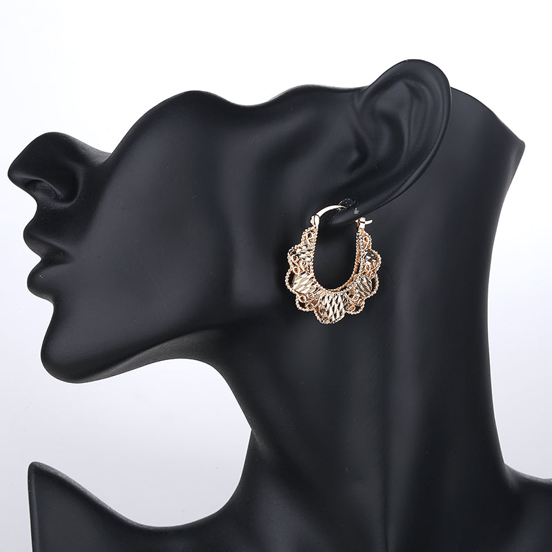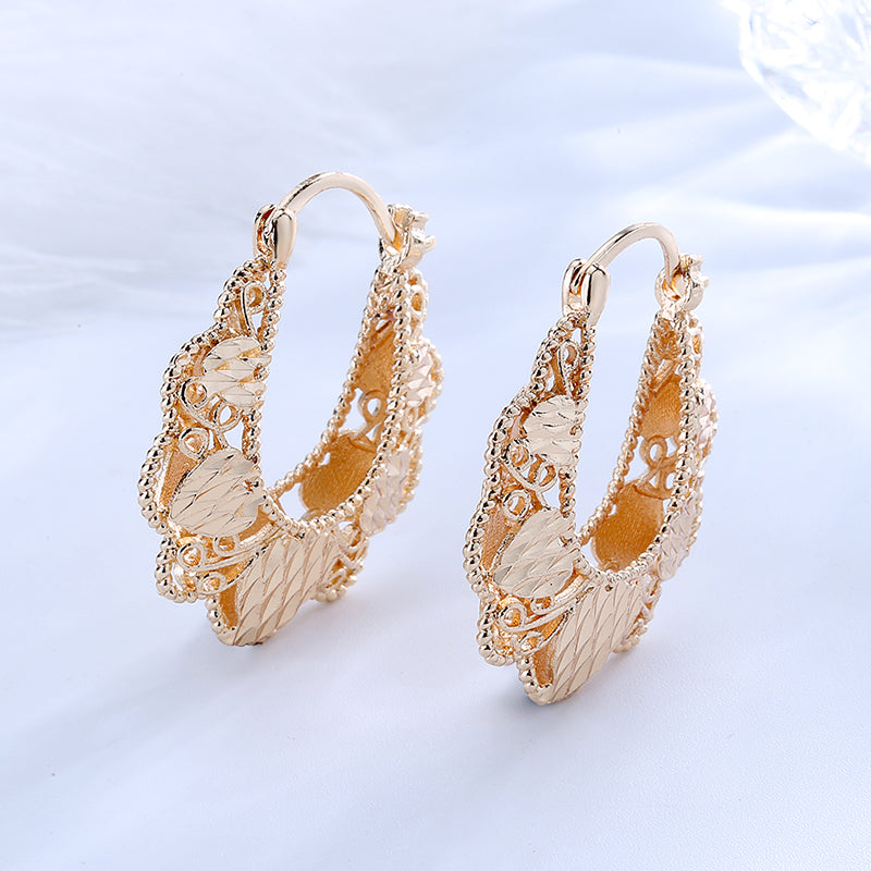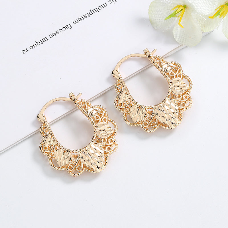 18k Layered real gold Plated basket hearts hoop earrings #49
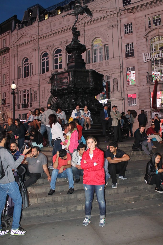 Oxford Street’te şöyle güzel bir gezinti yapıp artık biraz da enerjimizin sonuna gelerek Londra’nın en işlek meydanlarından biri olan Picadilly Circus’a geliyoruz. Burası için Londra’nın Time Square’si derler ama bana Time Square’nin yanında biraz sönük kalmış gibi geliyor. Her taraf ışıl ışıl neon aydınlatmalarla, reklamlarla dolu. Meydanın ortasındaki Eros Heykeli’nin önündeki basamaklarda bizim gibi gezmekten yorgun düşmüş birçok insan yer kapma mücadelesinde. Bu meydanın çevresinde birçok tiyatro, müzikal, cafe, restoran göreceksiniz. Buraya metro ile ulaşmak istiyorsanız Picadilly Circus durağında inmelisiniz.
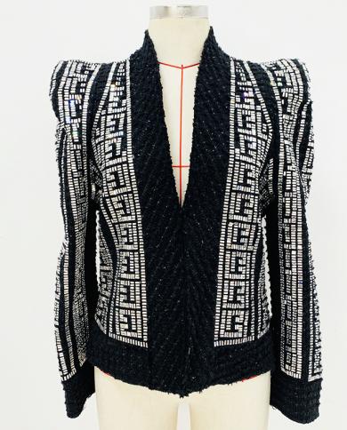Harleyfashion Women Luxury Design Bling Bling Sequined Black Long Blazer
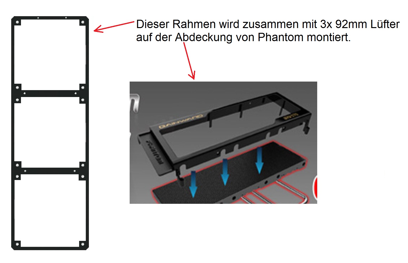 Ich habe noch ein 80mm Silent Wing USC hier Rumliegen und habe es gerade auf dem Phantom Kühler Druff gelegt. Der Kühler ist nur paar Millimeter breiter. Also wären 3x 92mm Lüfter ziemlich gut für den Kühler.
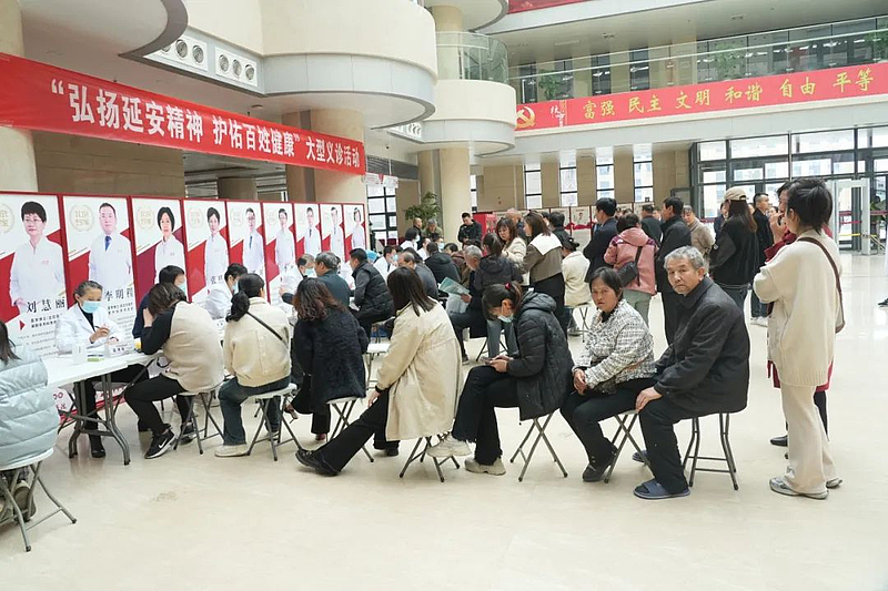 3月27日,延安市中医医院(北京大学第三医院延安分院)门诊大厅人流云集,“弘扬延安精神、护佑百姓健康”大型义诊活动吸引了众多群众。
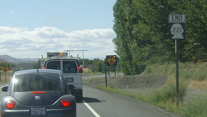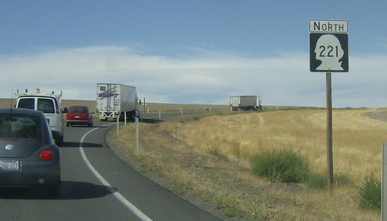 No reassurance shield at the beginning of 221, though there used to be one in 2008. SR 221 carries a ton of truck traffic from the aggrarian areas along the Prosser-Paterson corridor to Hermiston, Oregon. As such t’s a pretty nice road. Very wide with speed limits of 65- not what you would assume looking at the map where it just looks like a backroad
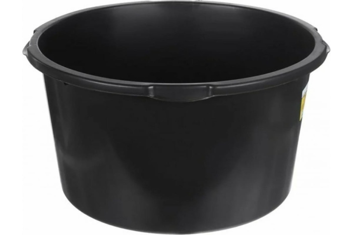 Круглый строительный таз изготовлен из вторичного полипропилена. Емкость применяется для разведения строительных смесей - штукатурок, шпаклевок, грунтовок. Усиленная кромка борта препятствует деформации таза в процессе эксплуатации. Для удобства перемещения предусматриваются небольшие ручки.
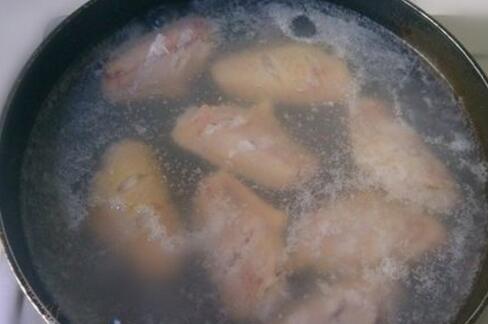 锅里加入适量水,滴入加入适量料酒烧开,下入鸡翅焯水,再次烧开煮一分钟捞起沥干水分
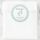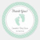 Round sticker for baby shower favour with mint green baby feet design and polkadot background.
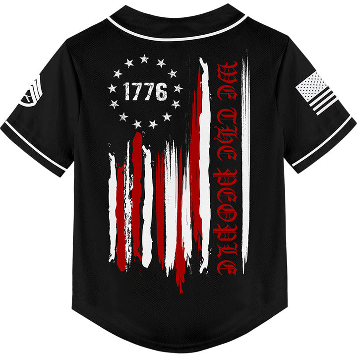 Custom Black 1776 We The People Freedom American Flag Military Rank Veteran Name Baseball Jersey
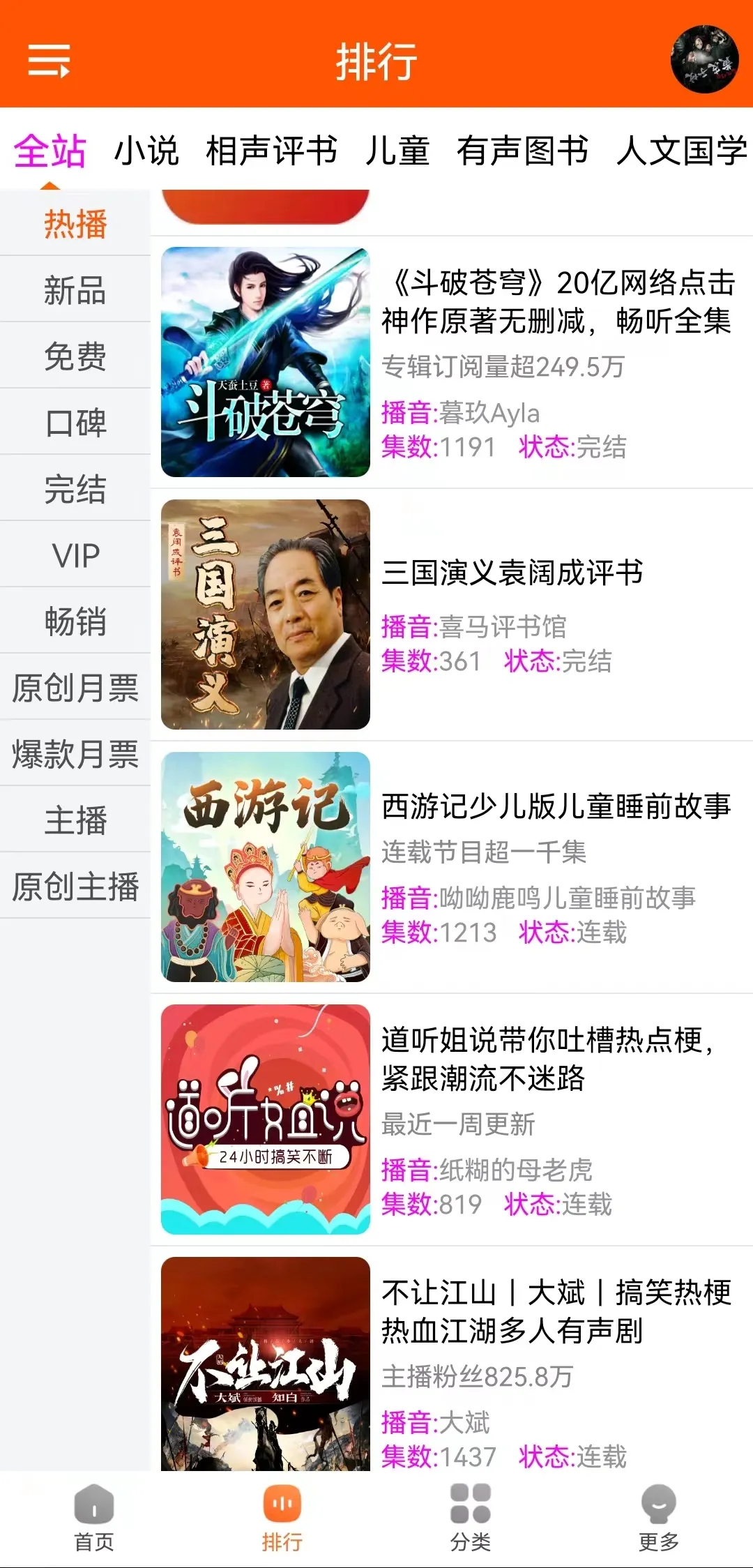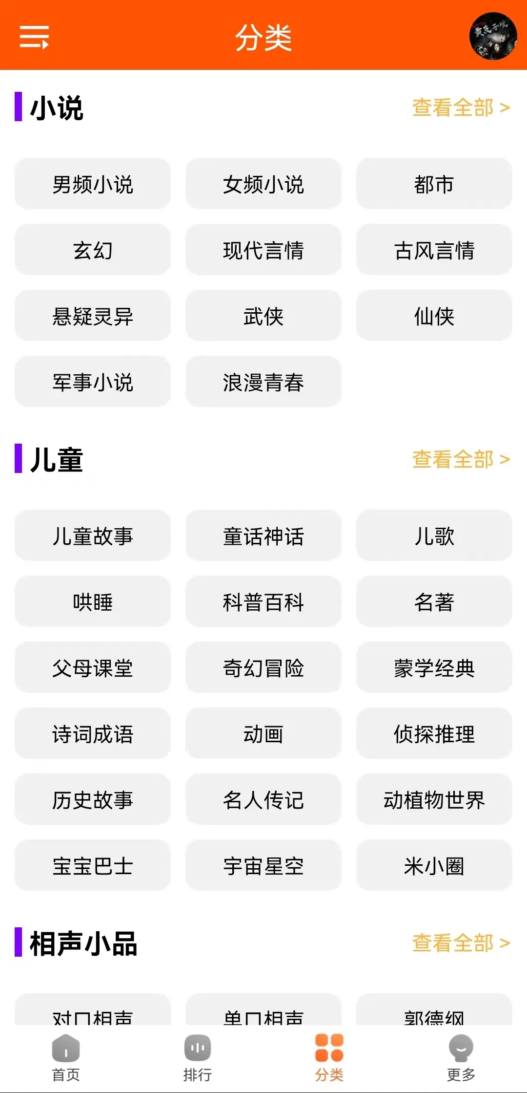 「分类」版块则是所有的资源分类区域,APP 分类得特别细致,小说、小品、评书、人文……每一大类又可以分成许多小类。

__________________________________________________

## Exercise aim:
Return the line containing "Round sticker for" and every line after it through the end of the records above, exactly and nothing else, but not the pictures.

## Exercise result:
 Round sticker for baby shower favour with mint green baby feet design and polkadot background.
 Custom Black 1776 We The People Freedom American Flag Military Rank Veteran Name Baseball Jersey
 「分类」版块则是所有的资源分类区域,APP 分类得特别细致,小说、小品、评书、人文……每一大类又可以分成许多小类。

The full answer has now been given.